Personal information
- Born:: August 24, 1983 (age 41) Sallisaw, Oklahoma, U.S.
- Height:: 6 ft 3 in (1.91 m)
- Weight:: 247 lb (112 kg)

Career information
- High school:: Sallisaw
- College:: Kansas
- NFL draft:: 2008: 4th round, 132nd pick

Career history
- Buffalo Bills (2008–2009); St. Louis Rams (2010)*; Houston Texans (2010)*;
- * Offseason and/or practice squad member only

Career NFL statistics
- Receptions:: 19
- Receiving yards:: 158
- Receiving touchdowns:: 1
- Stats at Pro Football Reference

= Derek Fine =

American football player (born 1983)

Derek Fine (born August 24, 1983) is an American former professional football player who was a tight end in the National Football League (NFL). He played college football for the Kansas Jayhawks and was selected by the Buffalo Bills in the fourth round of the 2008 NFL draft.

Fine was also a member of the St. Louis Rams and Houston Texans.

==College career==
In his junior year at Kansas, Fine received the Gale Sayers Award for the team's most courageous player. He was a team captain in his senior year, in which he caught 46 passes for 394 total receiving yards. He was a part of the Jayhawks team that went 12-1 and won the 2008 Orange Bowl.

==Professional career==

Pre-draft measurables
| Height | Weight | 40-yard dash | 10-yard split | 20-yard split | 20-yard shuttle | Three-cone drill | Vertical jump | Broad jump | Bench press |
| 6 ft 2+5⁄8 in (1.90 m) | 251 lb (114 kg) | 4.85 s | 1.65 s | 2.78 s | 4.19 s | 6.80 s | 29 in (0.74 m) | 9 ft 7 in (2.92 m) | 24 reps |
All values from NFL Combine.

===Buffalo Bills===
The Buffalo Bills selected Fine in the fourth round of the 2008 NFL draft, with the 132nd overall selection.

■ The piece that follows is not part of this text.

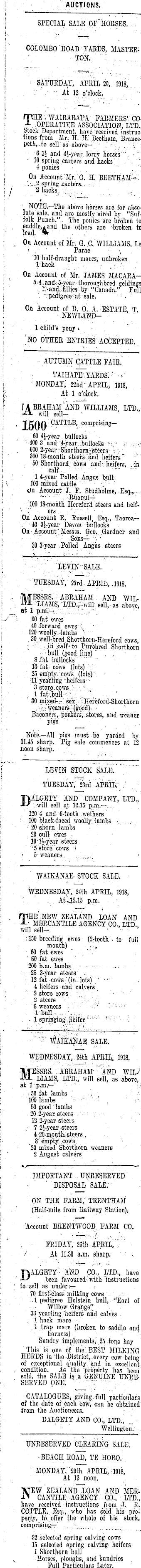 i AUCTIONS, J SPECIAL SALE OF nORSES. . -. i COLOMBO ROAD YAEDS, MASTER; j TON. .. .. I SATURDAY, APRIL 20,. 1918, I .. V ' •'. 4.1 12 o'clock. . ■ I ... '.— : "■.•-. . ..; ! mHE '. WAIRARAPA FARMERS' COif- .OPERATIVE ASSOCIATION, LTD., : Stock Department, have reecived instruc- : tions from Mr. H.H.' Beetham, BranceI peth, to eellas above— "■'...:":■'."•. ;' ! ■ '6 3J- and 4J-year, lorry horses'"'. • ' i ■ 10 spring carters and hacks' '■ ■ . '" : i ponies ■ '"'."' : On Account Mri O. H. BEETHAM-: ! .'.-.:.2 spring carters,. ..: ; j "2 hacks.,-,•....'.., . : , . . , ' NOTE.—The above horses are for abso- : lute sale, and are mostly sired by "Suffolk Punch.". The ponies are broken to ; . eaddle.jaud the others aro broken to r lead. » ....--.. ; , On Account of Mr. G. C, WILLIAMS, L'e |- .'.■■■ Parae ■■ \ ' 10 half-draught mares, unbroken ! I , hack ■ ■ .-'. - . . .--, j On Account of Mr. JAMES MAC.ARA- ; 5,4,and«5-year thoroughbred geldings : : :'--ani;fillie3 :by "Canada." Full ! '. "pedigree-'nt sale. : ■ ' I On Account of D. 0.. A..ESTATE T. ■ : NEWLAND- ; 1 child's pony i - - . J 'NO OTHER ENTEIES 1 ACCEPTED. ! ; - AUTUMN CATTLE FAIR,' " I .'.;.■ TAIHAPE'-YAEDS. ' .' |. MONDAY, 22nd APRIL, 1918, j'.... At 1 o'clock. f fABEAHAM v AND WILLIAMS LTD., i ■«- will sell- ' ; , 15QQ CATTLE, comprisingi 60 45-year bullocks I '" 400 3 and 4-year..bullocks -- ■' ;■ -.-..^ i. . 600 2-year:Shorthorn>iteers■ r.' . ! 300 18-month steers and heifers " I 50 Shorthorn "cows "dud-heifers, in i ' calf-. : ."'■■■. '■'• i ; ■ 1 4-year Polled-Angus bull j \ 100 mixed cattle '■' -.' ■'- i On Account J. F. Studholme,-Esq.,.-. ! ' ~-'- ■-"' , -Ruanui— ! 100 18-month Herefcrd steers and heiv , - ; '■':'' -. er3 .. . :: :.---.'. ■ • ' Oβ Accounfi B, Russell, Esq., Taoroa— j '..' •40 31-year Devon bullocks . I On ■ Account:'.. Messrs. G.eo., Gardner and i. . ■ • ." - .Sons-T "i ■ ; . 30 3-year ..Polled. Angus eteers ! •■- ' "LEVIN'SALE. I . TUESDAY; 23rd. APRIL, .1918. MESSRS. ABRAHAM. AND WIL■LIAMS, • LTD-Fwill" eell, as above, i at 1p.ni.H.'..;....-'..,'. 60 fat ewes :. 40ionvard ewes : ■ I 120 woolly, lambs ■ i . 30. wellrbred. Shorthorn-Hereford cows, j . -•■': ..in ;i;alf'to Purebred Shorthorn !. -• bull-(good-line) . ; . 8 fat ; bullocks" ' "." ' !' 10 fat- cows (lots) '-.' ! 25 empty-'cows (lots) , . I .. 11 yearling ".heifers ■"- 3 store.cows ' ■ ■ ; . 1 fat{buH-.\':". "■'. • ' ; ' 30 m&et-". sex.-'-'Hereford-Shortliorn j : -;;;■ weariere.'-j[good)..'' 1 .Baconei ; s,.-p6rkei , s7 stores, and weaner ! ' Piss " ' . ... i Note.—All pigs must be yarded by I 11.45 sharp. Pig sale commences at 12 ; noon sharp. ! LEVIN STOCK SALE.'"""" ■ TUESDAY, 2'3rd APRILV / TYALGETY AND COMPANY, LTD., : -tf '.-will sell at 12.15 p.m.—. ... : 120 ' i and C-tooth'■.Where ' ■'■ '- 100 black-faced woolly, lambs -. .... ■ 1 -20 shorn lamb 3 ■ ■ " i 20 cull ewes : ;.' IOIJ-jear steers !. : S'sfbfe : cows 'i ; ■ 5-weaners.. ..,.,.... J WAIEANAE STOCK SALE. ■ i WEDNESDAY, 24th APRIL, 1918, ■ "... ... At 42.15 p.m. THE. NEW ZEALAND. LOAN AND MERCANTILE AGENCY CO., LTD. ; will.sell-T-, . .. . • ; 150 breeding ewes (Smooth ■ to full mouti) . -:,' 1 60 fat ewes j ' 60 fat ewes ! 200 b.m. lambs ' • . 25 3-year steers' . ; 12 fat-cows ; '(ia-lots) '■'' .. 4 Keifers and. calvers 2 store cows • '. • ' : ■' 2 steers "-.".. -.'■.■ '.',. '6 weanors '-" •'•"• .-!-' 1 - , -'- 1 ' ■l-.bii11,,.....-.,.,.. . - 1 springing",Eeifer , "'''' '"•■■:. '■■ ■'. ! ■' ' : ''' WAiKAfrAE SALE. : WEDNESDAY, ,24th APEIL,. 1918, M' ESSRS. . ABRAHAM' "AND WIL- , LIAMS, LTD., will sell, as above, : at 1 ■p.m.'— ■ ': ..- : .50 fat Jambs .. : ••'■ : 100 lambs •' - ; " : . ' .-'■ : 50 good' lambs 1 . 202-year steers .-; : 12 2-year steers ■ ! - 7 21-year .eteers j 4. M-nipiitKi:steers., !■ . 8' empty: .cows. : 20 mixed STiorthorn weaners ■ ' 2 August calvers ; • IMPORTANT ..UNRESERVED' i • ' ' DISPOSAL SALE; i ON THE FAR3I; TRENTHAM [ (Half-mile from Railway Station). \ Account BRENTWOOD FARM CO. i • • ——.'•. -7 -. .".. I . FEIDAY, 26th APEli,r, ; / At 11.30 a.m. sharp. ' ' , D ALGETY ■ AND CO., LTD., have : . been favoured'with instructions i ' to.sell as under:— 70 first-class milking cows . ,:• i . 1 pedigree Holstein-bull,. "Earl of 1 • ■ AVillow Grange" . ; 33 yearling heifers and calves . i .. ' 1 hack mare i .1 trap mare (broken to saddle and ! harness) • : i Sundry implements, -25 tons hay ', This is one of the'. BEST MILKING i HERDS in'tho District,-every cow being ; of exceptional quality, and in excellent ; . condition. As tlio property lias been sold, the SALE is a GENUINE UNRE- ■ . ' SERVED ONE. " ;. :' ' ' .. ' : \ CATALOGUES* giving. Ml particular's of the date of each cow,- can be obtained : from the Auctioneers. - -:. i DALGETY AND CO., LTD., '_. '■ Wellington. .... \ UNRESERVED CLEARING SALE. • BEACH ROAD, TE HORO.I ' MONDAY,"29th APRIL, r 1918, ; . At 13 noon. NEW ZEALAND -LOAN AND MERCANTILE AGENCY. CO., LTD., : have received instructions froni J. R. I C.Q'ITLE,. Esq., who has sold' his property, to. offer the whole of his 6tock, comprising—! . ..-. j . 32 selected epi'ing calving cows ! 15 selected spring calving) heifers 1 Shorthorn bull ' v Horses, ploDghs,. and'sundries I Full Particulars Later.

On November 2, 2008 Fine caught his first pass in the NFL against the New York Jets. The reception was a 9-yard touchdown pass thrown by quarterback Trent Edwards.

In 2009, during a game against the New York Jets, Fine was battling Jets linebacker Marques Murrell and eventually started a fight with Murrell and Murrell's teammate James Ihedigbo. This fight led to Ihedigbo being ejected for trying to land a punch on Fine.

Fine was placed on injured reserve on September 22, 2009 and was replaced by Joe Klopfenstein. He was waived on February 16, 2010.

===St. Louis Rams===
Fine was claimed off waivers by the St. Louis Rams on February 17, 2010. He was waived on March 5, 2010.

===Houston Texans===
Fine was signed by the Houston Texans on June 16, 2010.

On September 5, 2010, Fine was waived by the Houston Texans.